信源地址:http://www.medscape.com/viewarticle/812987_1
来自临床专家的声音,提醒我们要与临床换位思考,思考临床在关注些什么问题。马上看了下我院肺炎链球菌青霉素耐药率不到8%,但总体数据量不大。由此我想,美国提供的是一个大样本的流行病学调查数据,或许提出的措施更有针对性和科学性,而我国目前没有大样本的数据,是否可以完全借鉴国外的数据?本地区本医院究竟该怎么办,有无必要对本院的数据进行分层分析,然后个体化经验用药?纸上谈兵,不妥之处请包涵。 海内知己 发表于 2014-1-19 23:23
“2.我们医院三年来40例侵袭性肺炎链球菌病的药敏结果为PSSP 67.5%, PISP 10%, PSSP 22.5%。

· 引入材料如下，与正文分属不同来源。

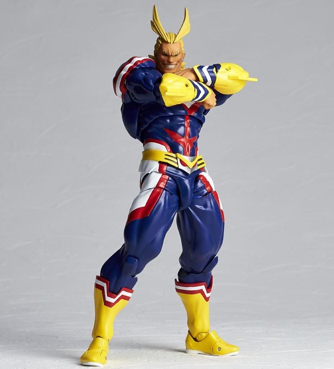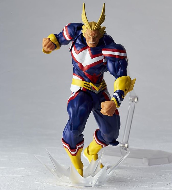 「Amazing Yamaguchi 歐爾麥特」可動人偶,全高約 19 公分,全身共計 32 處可動,精緻再現了歐爾麥特英雄服的造型細節,包覆在服裝底下 Muscle Form 時的魄力大肌肉也細膩呈現,充滿強壯的肌肉線條!如此大的身體體積在可動設計下讓胸板兩側分開、整個肩膀都可以前後移動,輕鬆還原戰鬥時強而有力的粉碎招式!身體下半部以球形關節讓腿部也能完美擺飾出各種精彩的站姿與跳躍姿勢,極具躍動感!

我们经验性抗肺 ...
应该是 PRSP 22.5% 如下是我院微生物室提供13年上半年的药敏情况:
抗菌药敏感率%
肺炎链球菌无乳链球菌
SIRSIR
阿莫西林75.015.010.01000.00.0
复方新诺明15.05.080.00.00.0100
红霉素0.00.010020.05.075.0
克林霉素0.00.010050.00.050.0
喹奴普汀/达福普汀94.70.05.384.30.015.7
氯霉素84.20.015.785.00.015.0
青霉素35.020.045.01000.00.0
四环素15.00.085.010.00.090.0
头孢噻肟65.030.05.01000.00.0
万古霉素 1000.00.0 100.00.00.0
左氧氟沙星95.00.05.070.00.030.0
不知兄弟单位的情况如何?可否也晒晒? 2011.~2013侵袭性肺炎链球菌病肺炎链球菌耐药性统计
其中血液中检出35株(剔除同一病人相同标本),脑脊液5株,胸水1株;
2011~2013年全部肺炎链球菌药敏结果
PSSP 40.5%、PISP 27%、PRSP 32.5%。
首先祝贺高主任顺利通过正高评审!肺炎链球菌耐药机制明确,各单位耐药率与实验室检测方法有关! 本帖最后由 gjs661 于 2014-1-22 21:57 编辑
朱德权 发表于 2014-1-22 16:09
首先祝贺高主任顺利通过正高评审!肺炎链球菌耐药机制明确,各单位耐药率与实验室检测方法有关!
朱老师,也祝贺您晋升正高!“肺炎链球菌耐药机制明确,各单位耐药率与实验室检测方法有关”?能不能说的详细点啊?